■ **DATASET EXTRACT**:
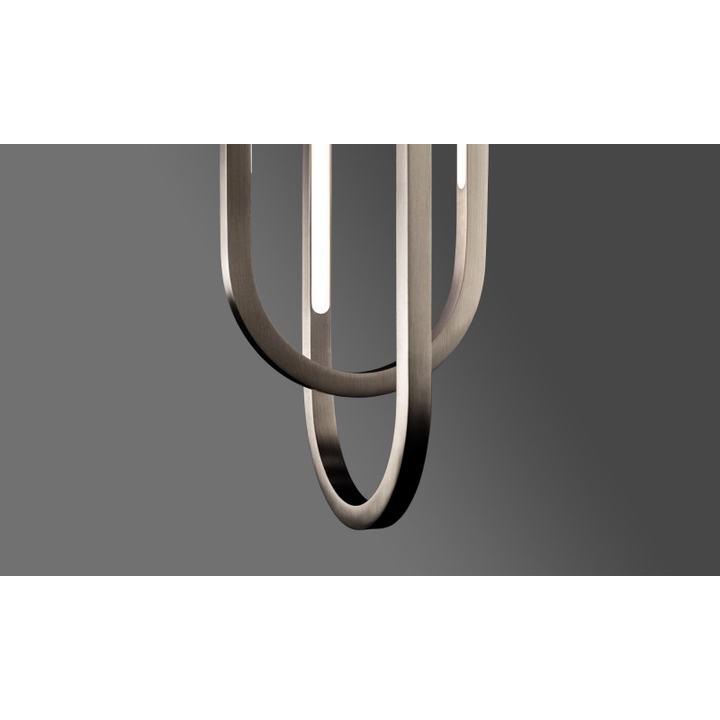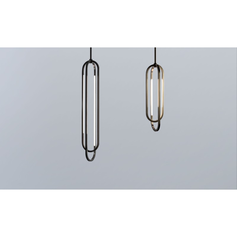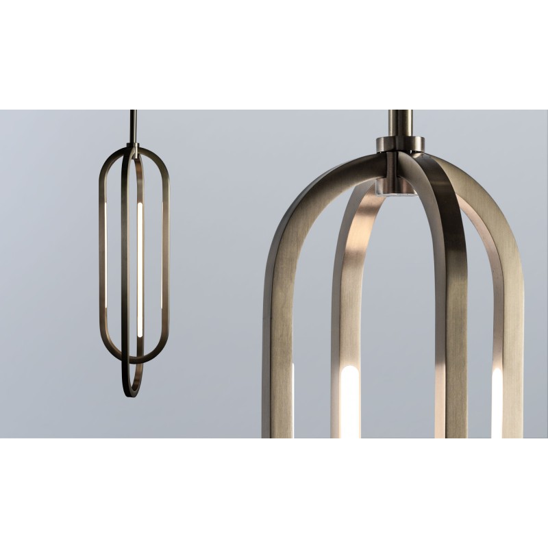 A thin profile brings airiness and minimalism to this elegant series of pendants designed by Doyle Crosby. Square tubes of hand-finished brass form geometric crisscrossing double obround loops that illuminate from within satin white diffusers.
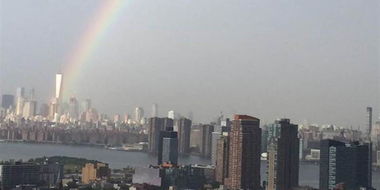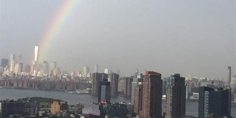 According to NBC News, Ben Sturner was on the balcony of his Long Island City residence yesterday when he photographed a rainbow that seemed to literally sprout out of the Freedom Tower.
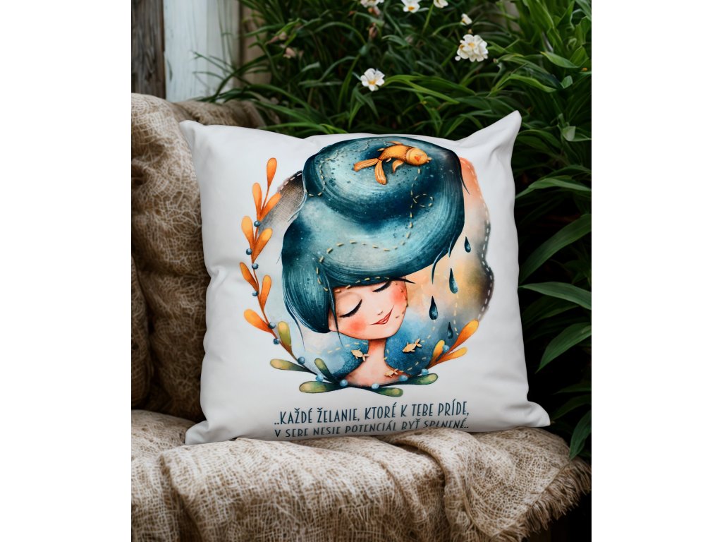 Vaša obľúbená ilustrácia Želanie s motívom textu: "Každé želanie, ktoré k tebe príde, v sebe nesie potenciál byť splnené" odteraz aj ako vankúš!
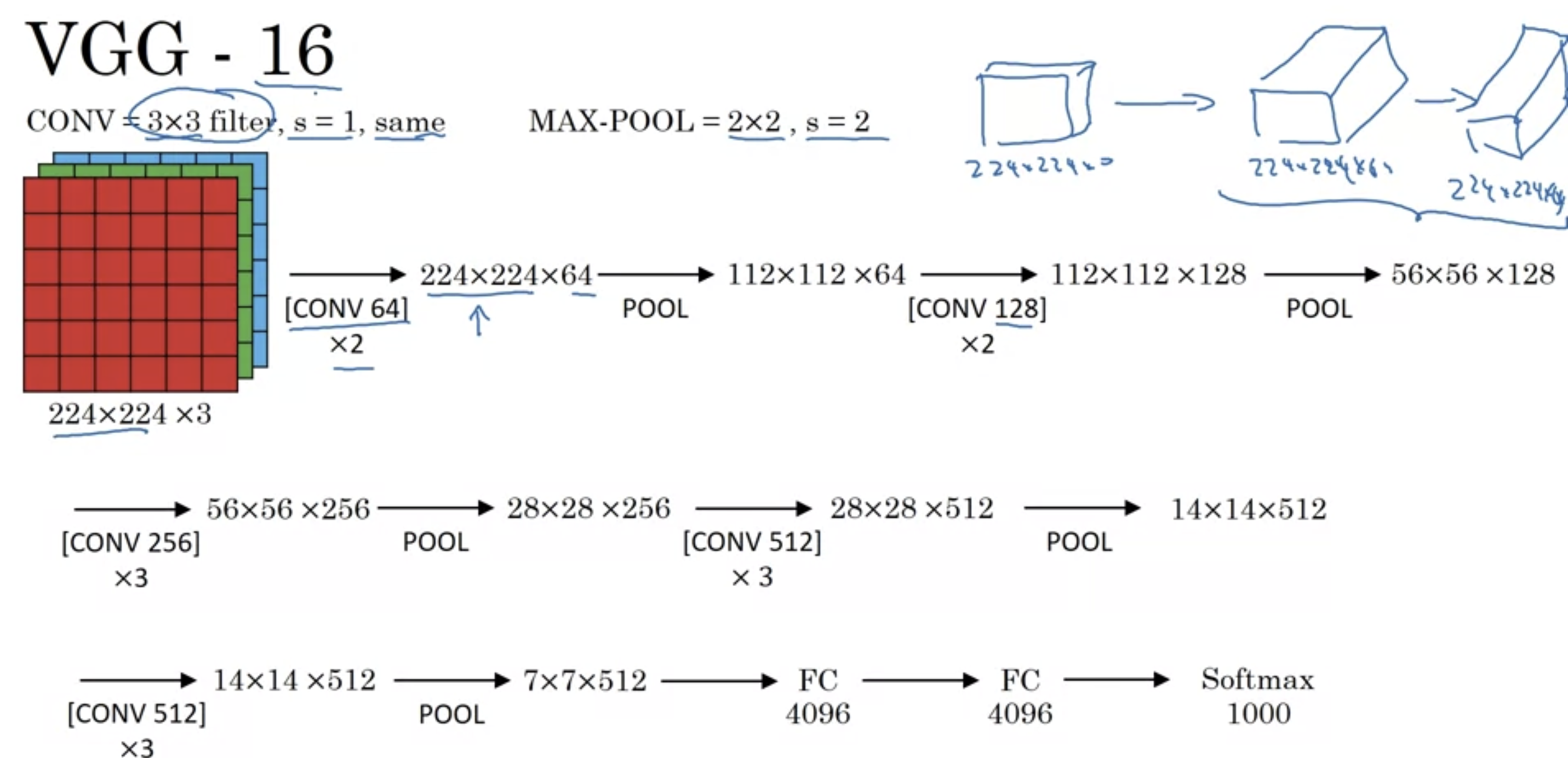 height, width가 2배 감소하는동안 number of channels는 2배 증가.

■ **ABOUT THIS EXERCISE**:
Set down the material again exactly. Don't carry over any pictures.

■ **OUTPUT BELOW**:
 A thin profile brings airiness and minimalism to this elegant series of pendants designed by Doyle Crosby. Square tubes of hand-finished brass form geometric crisscrossing double obround loops that illuminate from within satin white diffusers.
 According to NBC News, Ben Sturner was on the balcony of his Long Island City residence yesterday when he photographed a rainbow that seemed to literally sprout out of the Freedom Tower.
 Vaša obľúbená ilustrácia Želanie s motívom textu: "Každé želanie, ktoré k tebe príde, v sebe nesie potenciál byť splnené" odteraz aj ako vankúš!
 height, width가 2배 감소하는동안 number of channels는 2배 증가.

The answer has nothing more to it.